[Instructions for the task] Give the records again exactly as written. Leave out the pictures.

[Records shown]
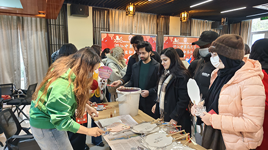 這場新春游園會遠不止是一場文化展示,更成為跨文化理解與交流的生動平臺。來自20多個國家的學生們在體驗中國傳統技藝的同時,也分享著自己國家的文化習俗。“在我的國家,我們也有類似新年的慶祝活動,但這是第一次親身體驗中國新年的傳統文化。”一位來自伊朗的姑娘在完成漆扇制作后,饒有興趣地研究起中國結的編法。
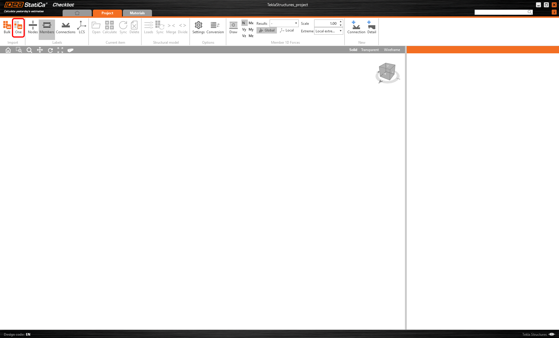 Klicken Sie auf Öffnen. Das Anwendungsfenster IDEA StatiCa Connection wird automatisch mit der importierten Verbindung angezeigt.
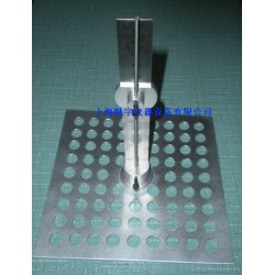 將被測試樣平整放在硬質(zhì)平板上,松開測針底部的擰緊螺母,將儀器輕放在被測試樣上,慢慢將測針插入被測試樣中,直至底部,看刻度尺指針滑塊平行處所指厚度,即為被測試樣厚度。
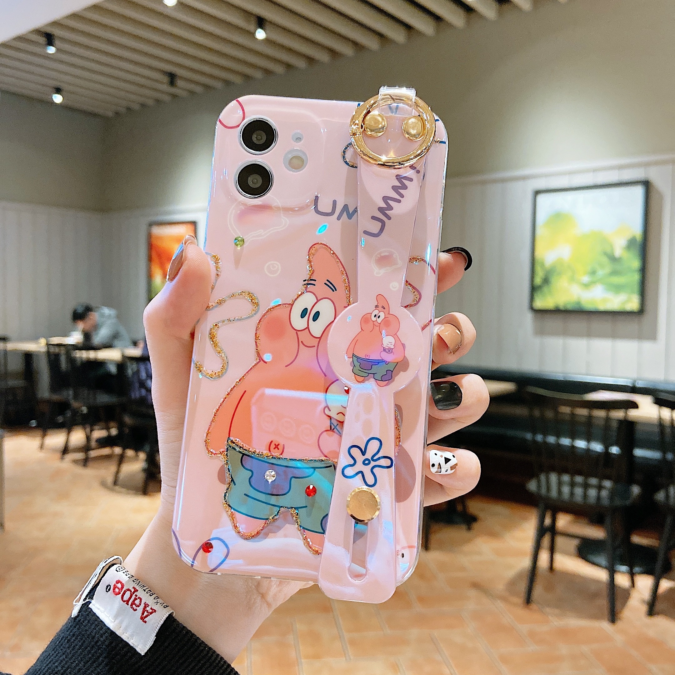 海綿寶寶派大星適用蘋果14手機殼卡通可愛12pro帶腕帶掛繩iPhone11斜挎可背13promax鏡頭全包XR防摔xs軟硅膠
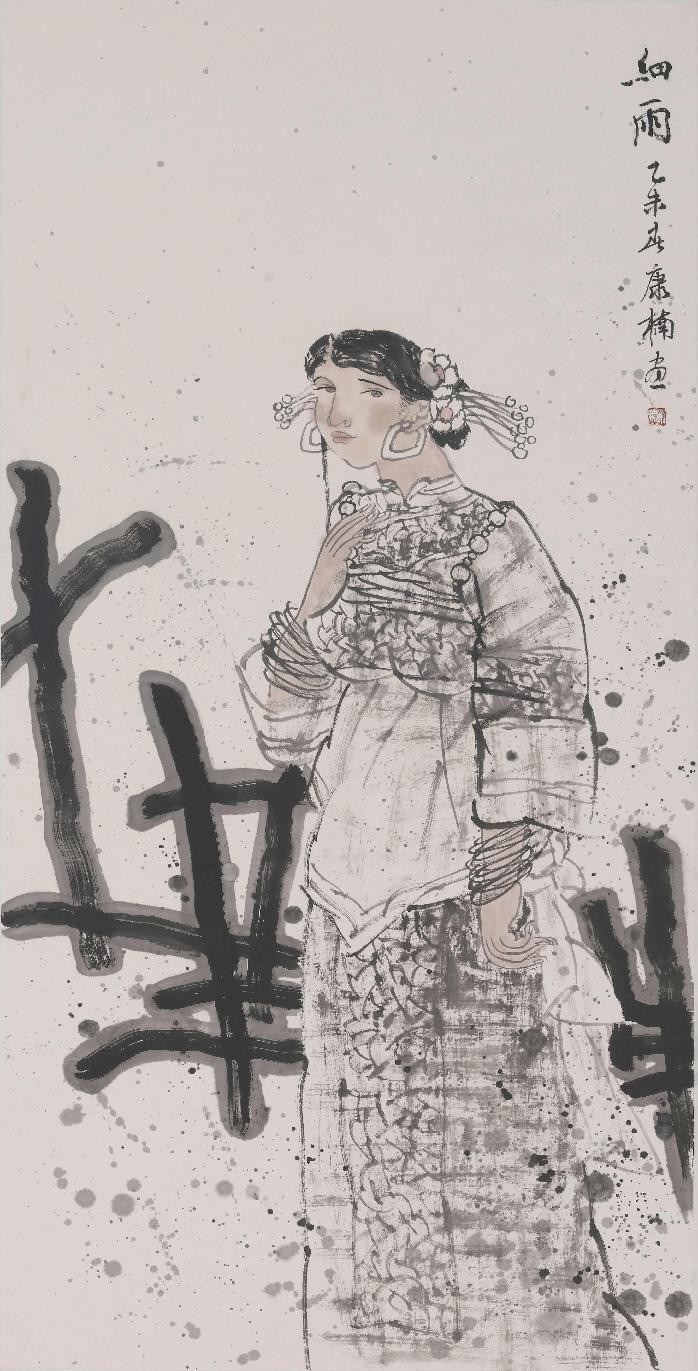 李康楠 《细雨》2015年 纸本水墨 68cm × 140cm

[Solution for this problem]
 這場新春游園會遠不止是一場文化展示,更成為跨文化理解與交流的生動平臺。來自20多個國家的學生們在體驗中國傳統技藝的同時,也分享著自己國家的文化習俗。“在我的國家,我們也有類似新年的慶祝活動,但這是第一次親身體驗中國新年的傳統文化。”一位來自伊朗的姑娘在完成漆扇制作后,饒有興趣地研究起中國結的編法。
 Klicken Sie auf Öffnen. Das Anwendungsfenster IDEA StatiCa Connection wird automatisch mit der importierten Verbindung angezeigt.
 將被測試樣平整放在硬質(zhì)平板上,松開測針底部的擰緊螺母,將儀器輕放在被測試樣上,慢慢將測針插入被測試樣中,直至底部,看刻度尺指針滑塊平行處所指厚度,即為被測試樣厚度。
 海綿寶寶派大星適用蘋果14手機殼卡通可愛12pro帶腕帶掛繩iPhone11斜挎可背13promax鏡頭全包XR防摔xs軟硅膠
 李康楠 《细雨》2015年 纸本水墨 68cm × 140cm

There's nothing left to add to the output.